1. List the behaviors you want to encourage and those that you want to discourage

It’s obvious what eBay wants to encourage (see Figure 7). A look at a detailed ratings page shows they want sellers to describe products accurately, communicate well (and often), ship in a reasonable time, and not charge unreasonably for shipping. (Not incidentally, you could also view these dimensions as source of risk in a transaction.)

Figure 7: eBay encourages good behavior.

2. Be transparent

Once you know the behaviors you want to encourage, you then need to be transparent about it. Your users need to know how they are being rated and on what basis. Often a reputation is distilled into a single number — say, reputation points — but it is impossible to look at a number and derive the formula that produced it. While Wikinvest (Figure 8) doesn’t show a formula (which would be ideal), they do indicate what actions you took to receive your point total.

Figure 8: Wikinvest’s reputation system

Any clarity that is added to a reputation system will make your users happy, and it will make them more likely to behave in the manner you desire.
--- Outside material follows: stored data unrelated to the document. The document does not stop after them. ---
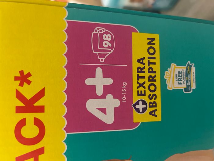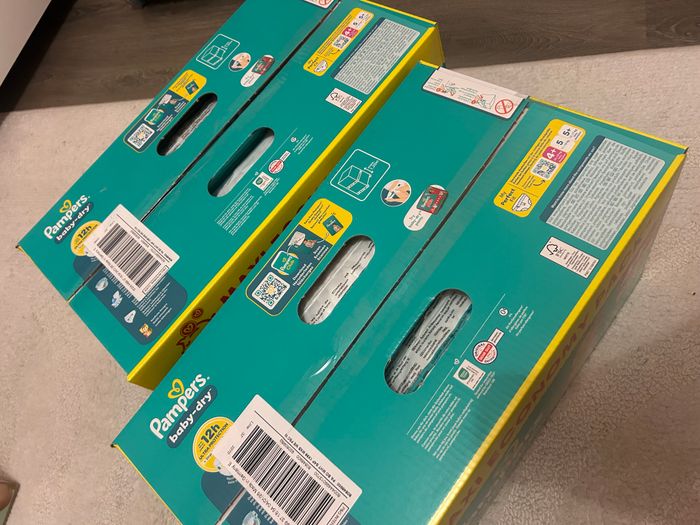 Couches Pampers taille 4+ (10-15kg) 98 couches par carton Neuf 35€ les deux cartons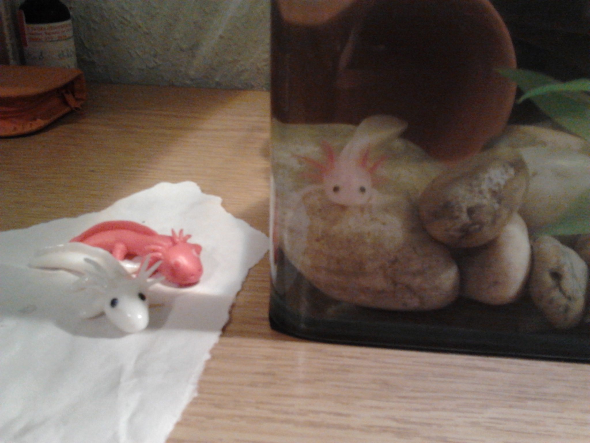 Lássuk, hogyan is kezdődött. Egyik barátnőm néhány éve mutatta nekem az axolotlot, mondván, neki kell egy ilyen "vidám kis fickó". :) Még szörnyülködtem is, mi ez a kis csúnyaság, mert nem vagyok hal párti. Nyálkásak, és nem csinálnak semmit. Aztán mostanság mikor jártam a plázában, benéztem az állatkereskedésbe is (jó szokás, mindig kötelező bemenni és körülnézni:)) és nini... ott egy axi. Leragadtam, nézegettem, majd egyre szimpatikusabb lett. Végre egy állat, ami teli pofával vigyorog rám..hát mi ez, ha nem édi? Irány haza, nézzünk utána. Végül rászántam magam, legyen, bevállalom, olyan aranyos, én pedig elképesztően állatbolond. Úgy is különleges állatot kerestem, de vadászgörényt nem engednek be az ősök, az afrikai fehérhasú törpesüni elképesztően drága, így döntöttem az axi mellett. Nála egyedibb, különlegesebb, furcsább állat talán nincs is...és itt kezdődött az sztorim.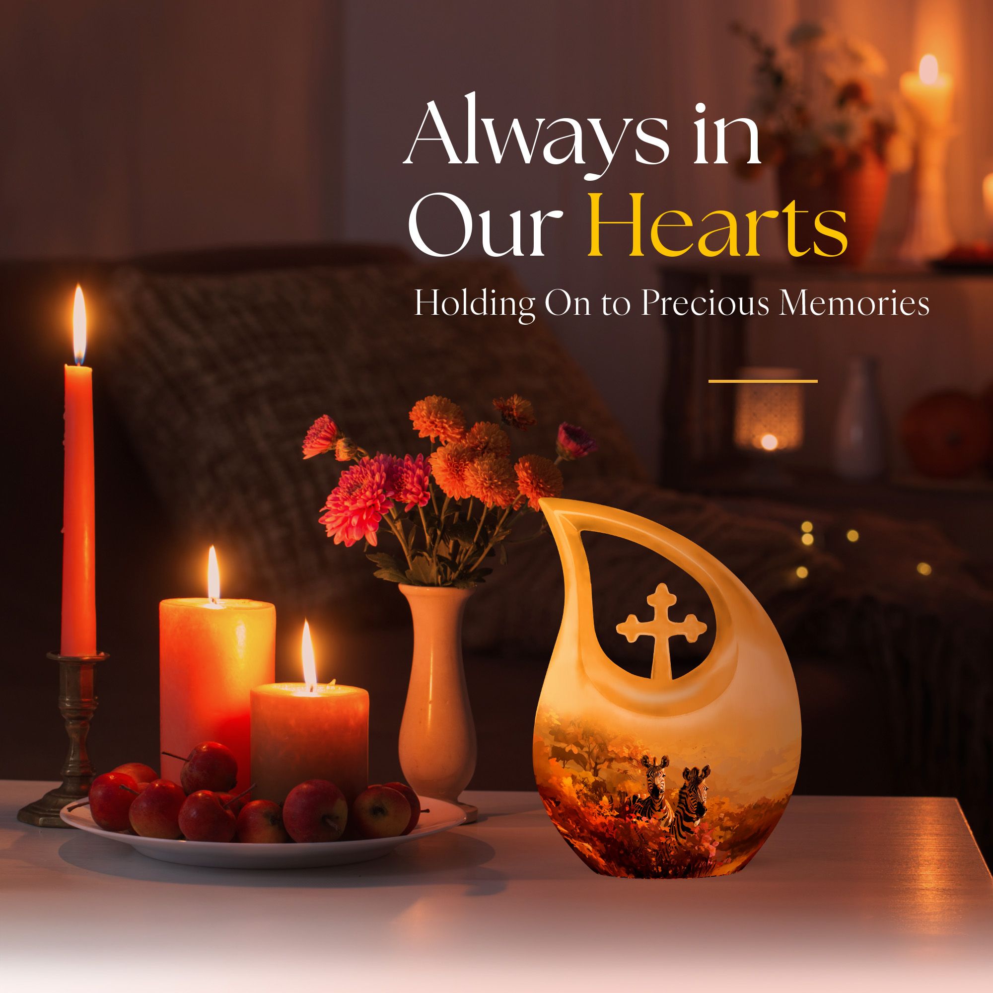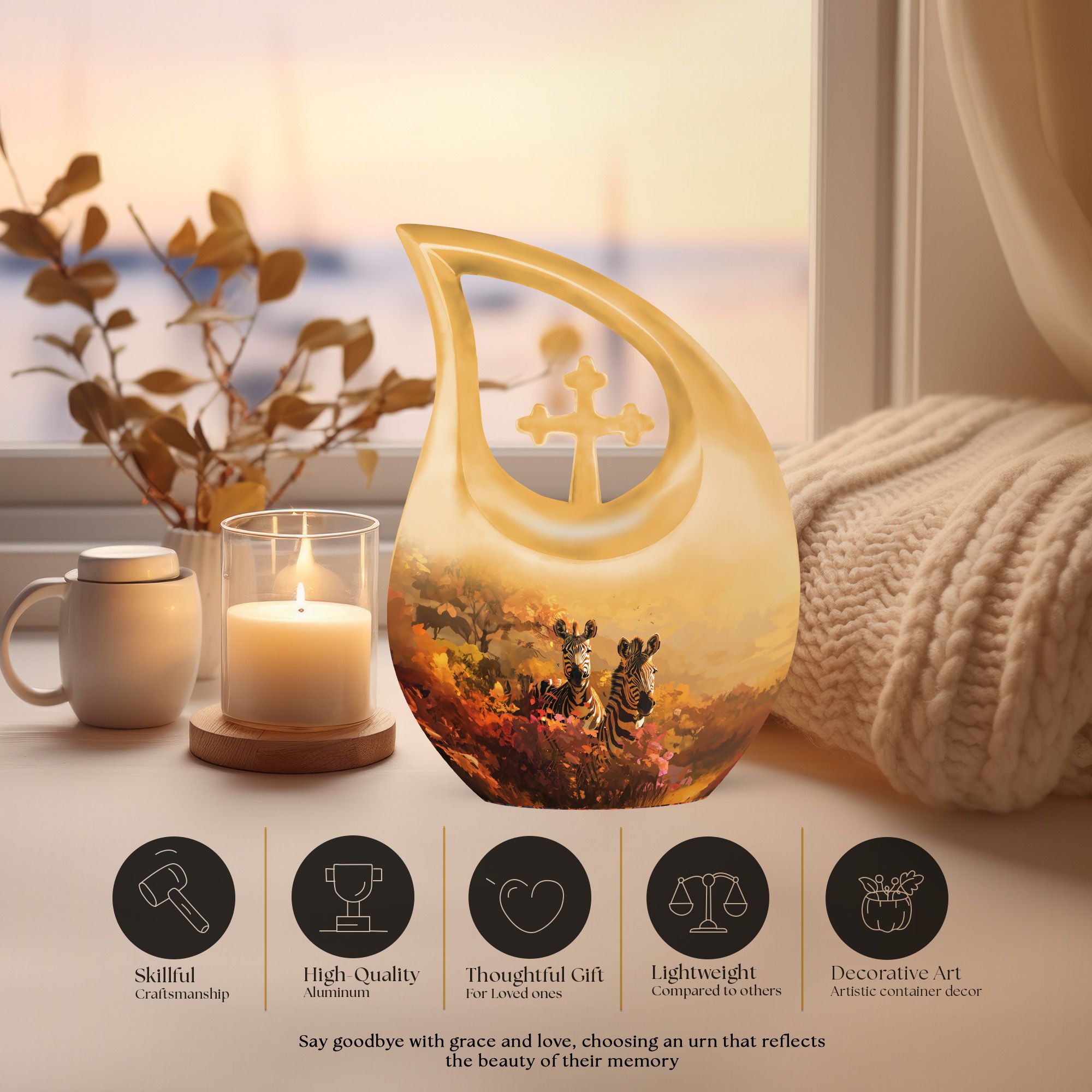 Preserve the cherished memories of your beloved with our striking Zebra Urn, an artistic fusion of symbolism and practicality. Crafted from resilient aluminium, this 10 Inch urn is coated with an endearing 'Cross Drop' design that highlights its exquisite aesthetics, all while ensuring a sturdy resting place for the departed. Accommodating up to 200 cubic inches, this urn is suitable for both adults and seniors, providing room for personalized engraving. Each Zebra Urn weighs a moderate 3.3 pounds and comes with a velvet pouch, safeguarding the containment of ashes in a dignified manner. While its size fits as a large urn, its stylish theme also collaborates with the category of affordable urns, echoing the universal pain of loss and the beauty of fond memories. Popularly searched terms include Memorial Urns, Large Cremation Urns, Miniature Urns For Ashes, Large Urns For Human Ashes making it a top choice for those seeking extraordinary and meaningful memorial ceremony supplies.

3. Keep your reputation system flexible

Any scoring system is open to abuse, and chances are that any reputation system you design will be abused in imaginative ways that you can’t predict. Therefore it’s important to keep your system flexible. If people begin behaving in ways that enhance their reputation but don’t enhance the community, the reputation system needs to be adjusted.

Changing the weighting of certain behaviors is one way to adjust your system. Adding ratings (or points) for new behaviors is another. The difficulty here will be in keeping everything fair. People don’t like a shifting playing field, so tweaks are better than wholesale changes. And changes should also be communicated clearly.

4. Avoid negative reputations

When possible, reputation systems should also be non-negative towards the individual. While negative reputations are important to protect people, negative reputations should not always be emphasized. This is specifically true in community sites where users generate much of the content, and not much is at stake (except perhaps your prestige).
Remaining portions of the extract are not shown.